**About this exercise:**
Word for word, transcribe the data below from the line with "Cat on Books Blue | Bookmark" to the line with "(取寄) ハニーデュー インティメイト", keeping both of those lines.

**Information shown:**
───

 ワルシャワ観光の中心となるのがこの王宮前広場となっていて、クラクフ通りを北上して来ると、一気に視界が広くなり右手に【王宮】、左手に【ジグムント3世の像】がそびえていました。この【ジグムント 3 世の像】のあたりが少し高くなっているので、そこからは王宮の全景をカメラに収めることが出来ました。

───

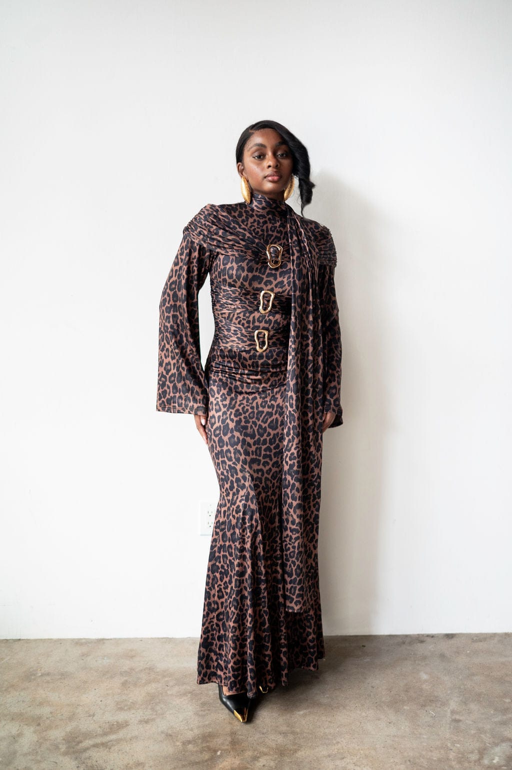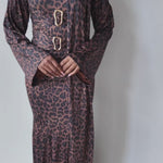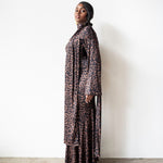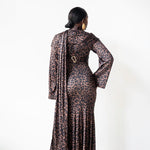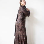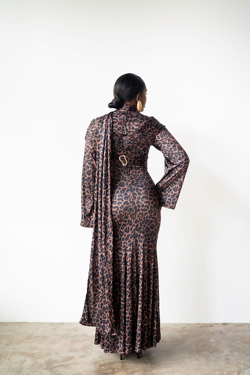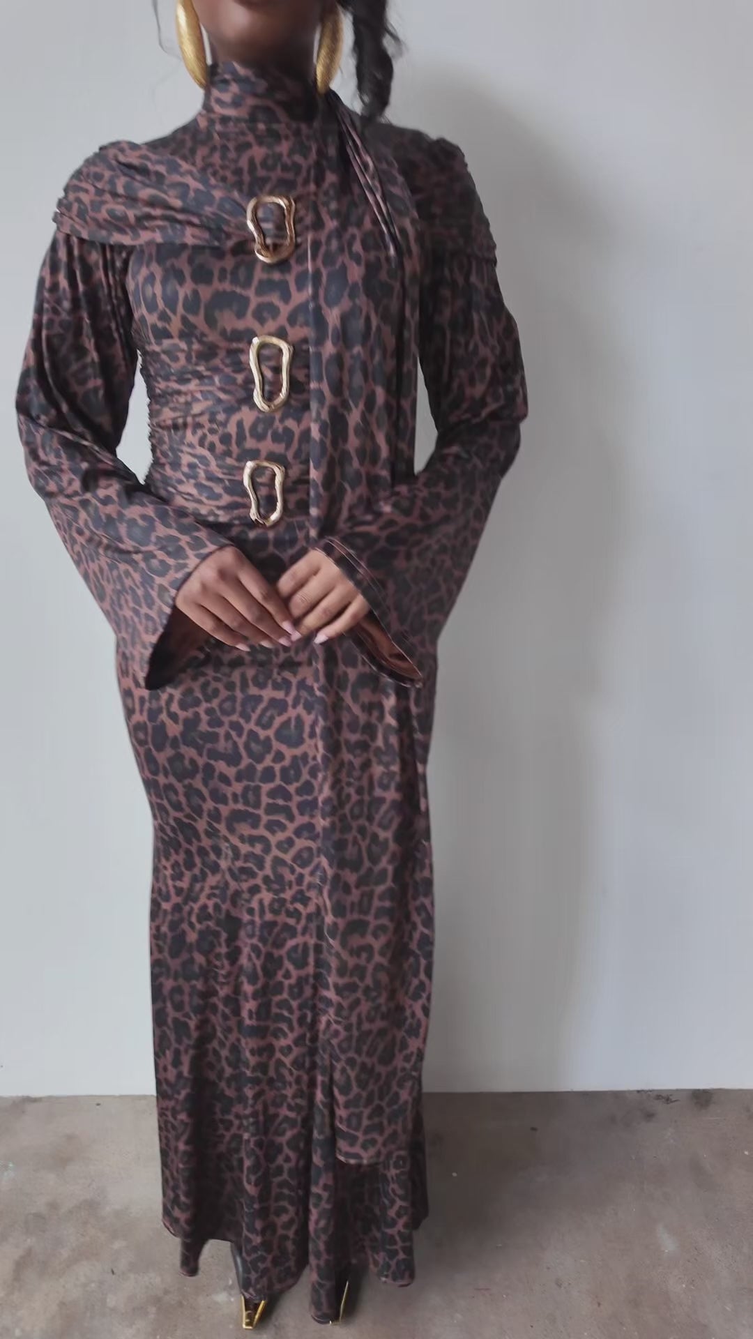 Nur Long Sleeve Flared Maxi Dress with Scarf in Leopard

───

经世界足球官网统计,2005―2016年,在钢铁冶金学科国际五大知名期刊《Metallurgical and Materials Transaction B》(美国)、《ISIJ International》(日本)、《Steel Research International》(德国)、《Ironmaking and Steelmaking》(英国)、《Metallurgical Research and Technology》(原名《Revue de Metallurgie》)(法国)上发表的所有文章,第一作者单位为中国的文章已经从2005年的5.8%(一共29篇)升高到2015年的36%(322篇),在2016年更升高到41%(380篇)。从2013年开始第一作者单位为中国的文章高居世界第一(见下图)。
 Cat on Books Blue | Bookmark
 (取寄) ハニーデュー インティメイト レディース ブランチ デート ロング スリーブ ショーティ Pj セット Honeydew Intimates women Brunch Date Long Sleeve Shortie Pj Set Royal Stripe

───

**Answer below:**
 Cat on Books Blue | Bookmark
 (取寄) ハニーデュー インティメイト レディース ブランチ デート ロング スリーブ ショーティ Pj セット Honeydew Intimates women Brunch Date Long Sleeve Shortie Pj Set Royal Stripe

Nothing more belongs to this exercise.